Data extract.
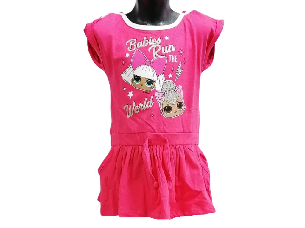 Super pohodlné bavlněné šaty pro letní dny. Dívčí šaty s okatými panenkami LOL nabízejí dostatek prostoru pro pohyb dětí, jsou tedy vhodné na doma, do města i na zahradu. Motiv je krásně přizdoben třpytkami a to se holčičkám velmi líbí.
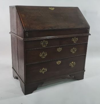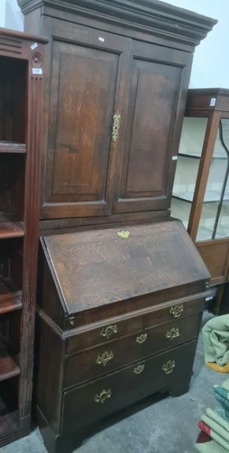 18th century oak bureau bookcase with cavetto moulded cornice above two panelled doors enclosing shelves, fitted interior with well, above three graduated drawers, bracket feet, 98cm x 201cm
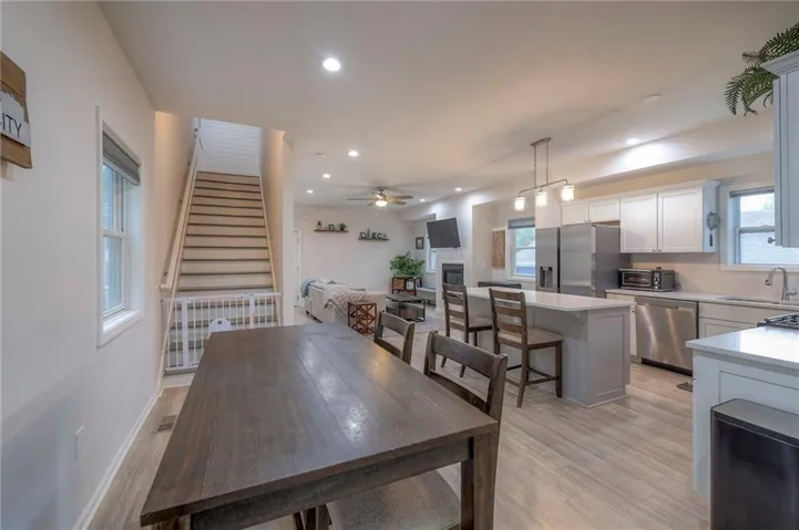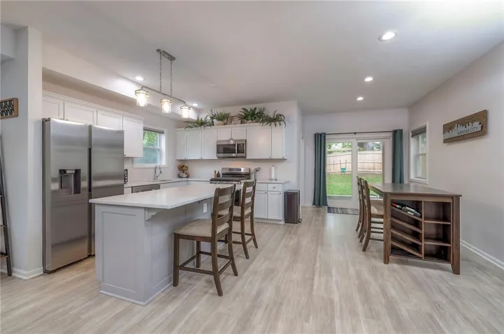 "LongDescription" => "Kitchen with appliances with stainless steel finishes, white cabinetry, tasteful backsplash, a breakfast bar area, and recessed lighting"
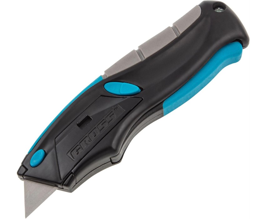 GROSS Нож ремонтно-монтажный, трехкомпонентная рукоятка, автовыброс, возврат лезвия, пистолетного типа, 170 мм, 5 запасных лезвий 78870

What you should do. Print the material verbatim; drop the pictures.

Exercise solution.
 Super pohodlné bavlněné šaty pro letní dny. Dívčí šaty s okatými panenkami LOL nabízejí dostatek prostoru pro pohyb dětí, jsou tedy vhodné na doma, do města i na zahradu. Motiv je krásně přizdoben třpytkami a to se holčičkám velmi líbí.
 18th century oak bureau bookcase with cavetto moulded cornice above two panelled doors enclosing shelves, fitted interior with well, above three graduated drawers, bracket feet, 98cm x 201cm
 "LongDescription" => "Kitchen with appliances with stainless steel finishes, white cabinetry, tasteful backsplash, a breakfast bar area, and recessed lighting"
 GROSS Нож ремонтно-монтажный, трехкомпонентная рукоятка, автовыброс, возврат лезвия, пистолетного типа, 170 мм, 5 запасных лезвий 78870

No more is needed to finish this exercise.